■ Data excerpt ■
────────
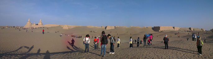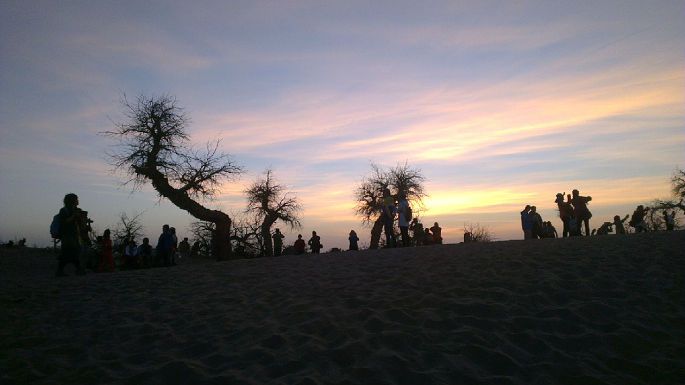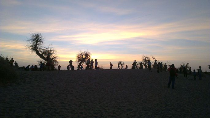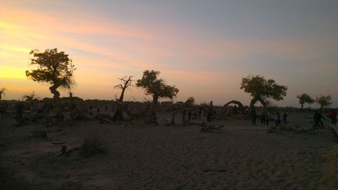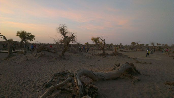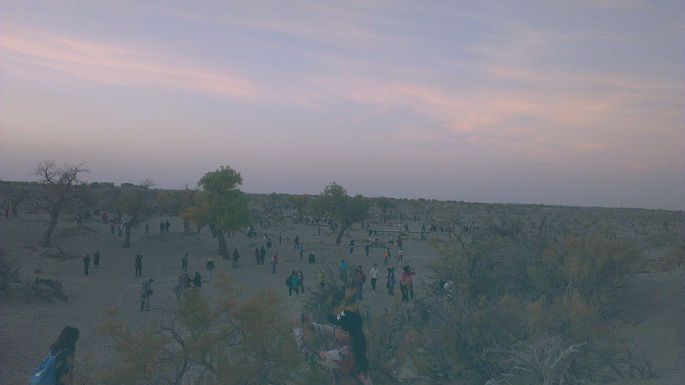 进去后先坐车到黑城,路过怪树林,在车上看到里面全是人,感觉就是树桩旁边树着一个个人桩。在黑城绕了一圈后再坐车回到怪树林,我们等了5-6辆景区车,都没有挤上去啊。。就是差这么点时间,在车上时看到太阳在往下落,等到了怪树林下车时已经日落了。没办法还是进去看看好了。同行的大姐骑骆驼去了。我们就沿着木栈道往出口走,不打算再坐景区车了,太恐怖了。出了景区回住所很晚了,也很累,居然没有热水洗澡,我郁闷了。
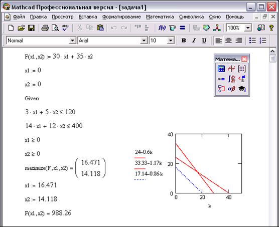 Не менее удобным представляется решение этой задачи с помощью математической системы Mathcad, поскольку эта система позволяет оперировать привычными символами и формами записи математических выражений.
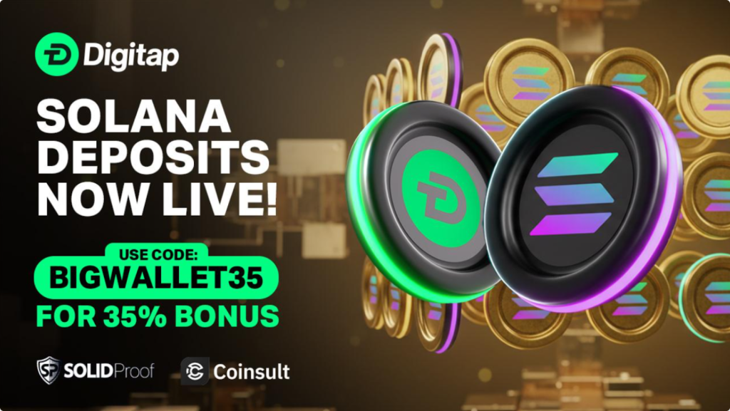 A Digitap também tornou depósitos na Solana ativos, permitindo aos utilizadores financiar as suas contas rapidamente usando a rede Solana, que suporta acessos mais rápidos e menor fricção nas transações.
────────
■ Instructions to follow ■
Skip the pictures. Please copy exactly the lines from the one with "Не менее удобным" through the final line of the material above, both ends included.

■ Answer to this exercise ■
 Не менее удобным представляется решение этой задачи с помощью математической системы Mathcad, поскольку эта система позволяет оперировать привычными символами и формами записи математических выражений.
 A Digitap também tornou depósitos na Solana ativos, permitindo aos utilizadores financiar as suas contas rapidamente usando a rede Solana, que suporta acessos mais rápidos e menor fricção nas transações.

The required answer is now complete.